Выходит на Павла не подействовало то, что не имеет названия и входит в нас посредством носа, то, что толкнула гостя на необдуманный поступок. Возможно, выветрилось. Возможно, фантастически исчезло, как и все женские фантазии.
Продолжение: http://www.proza.ru/2016/06/12/1844
Глава четвёртая
Респектабельный мужчина с первого балкона стоя на нём, стал мёрзнуть. Смотреть нечего. Задвинули штору в окне напротив. Сама хозяйка сделала это. Но…. В квартире находились двое мужчин сразу. Перебор. Второго при заключительной сцене с закрыванием штор не было. Выходит не вернулся и разборок не будет. Как она его! Он даже не понял сначала, чего это мужик с пакетом прогнулся, и засмеялся, когда до него дошло. Что происходит сейчас за окнами предположить можно и скорее всего, так оно и есть. Мужчина в темноте улыбался своим мыслям. Молодость, молодость! Перебор на эту тему, может быть только в это время.
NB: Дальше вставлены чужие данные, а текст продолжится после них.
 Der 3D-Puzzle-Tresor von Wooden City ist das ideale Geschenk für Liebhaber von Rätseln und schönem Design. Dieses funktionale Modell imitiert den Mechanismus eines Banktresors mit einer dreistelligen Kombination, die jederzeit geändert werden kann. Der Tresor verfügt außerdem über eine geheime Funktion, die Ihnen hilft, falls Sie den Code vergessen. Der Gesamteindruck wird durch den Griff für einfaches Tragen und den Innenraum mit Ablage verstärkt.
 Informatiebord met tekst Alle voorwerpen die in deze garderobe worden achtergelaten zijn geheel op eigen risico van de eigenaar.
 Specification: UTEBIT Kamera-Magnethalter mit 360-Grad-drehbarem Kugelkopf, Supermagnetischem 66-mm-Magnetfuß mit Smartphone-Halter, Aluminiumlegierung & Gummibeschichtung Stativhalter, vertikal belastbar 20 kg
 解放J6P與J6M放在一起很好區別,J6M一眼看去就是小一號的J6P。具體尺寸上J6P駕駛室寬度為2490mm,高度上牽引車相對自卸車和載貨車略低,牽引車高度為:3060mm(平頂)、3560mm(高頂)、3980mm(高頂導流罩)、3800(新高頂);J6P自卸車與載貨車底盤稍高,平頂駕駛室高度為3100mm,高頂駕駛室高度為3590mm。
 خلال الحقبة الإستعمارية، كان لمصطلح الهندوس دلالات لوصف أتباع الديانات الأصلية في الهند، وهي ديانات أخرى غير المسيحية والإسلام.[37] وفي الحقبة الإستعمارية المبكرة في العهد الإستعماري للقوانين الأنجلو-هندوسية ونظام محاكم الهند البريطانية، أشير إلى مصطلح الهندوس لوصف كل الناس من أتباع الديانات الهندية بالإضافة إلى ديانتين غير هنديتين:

Представляем мужчину с первого балкона. Врач, хирург, онколог. Пятьдесят восемь лет для дам. На самом деле шестьдесят два. Полный, лысый по собственному желанию. С мясистым носом, полными губами, густыми бровями. Щёки просвечивают сосудистыми сине красными звездочками. В ухе серьга гвоздик с брильянтом, что бы ни сглазили. Больной человек невольно переводит глаза на поблёскивающий гвоздик, чем прерывает своё пристальное внимание, сосредоточенное на враче. Какие глаза у онкологических больных догадаться не трудно, наполненные страхом и мольбой о помощи. А врач не Бог. Он ведёт лечение по ранее разработанным схемам. И только чутьё да опыт порой подсказывает небольшую и нужную коррекцию в уменьшении или увеличения доз в химии терапии и облучения. Хирургия для него сродни фотографии. Разрезал, посмотрел, как сфотографировал. Память феноменальная у мужчины врача. Полистал ранее сделанные снимки в голове, сравнил, сопоставил и сделал выводы на дальнейший ход операции. Сродни охотничьей собаки взял след и вперёд. Одинок хирург, а женат был всегда и часто. Все отношения с женщинами спешил узаконить, что бы дать каждой веру на свою любовь. Те верили и довольно хорошо себя чувствовали в его комфортных квартирах и домах первое время. Хирург знал толк в уюте. Каждый раз, новое гнездо блистало новинками в отделочных материалах и открытиями в дизайне. Каждое новое гнездо вереницей шли смотреть родственники, друзья и знакомые новой жены. Они то и заполняли день, давали новой жене общение. Она блистала перед ними дорогой посудой, винами и продуктами, и никогда им самим воочию. Муж был предан работе, как охотничий пёс хозяину. Влюблялись в хирурга, как правило, молодые сестрички и студентки, именно за талант, мастерство и преданность делу и больным. И был он Бог в их глазах и глазах больных всегда, когда как очередная самочка в гнезде начинала скучать и клеваться.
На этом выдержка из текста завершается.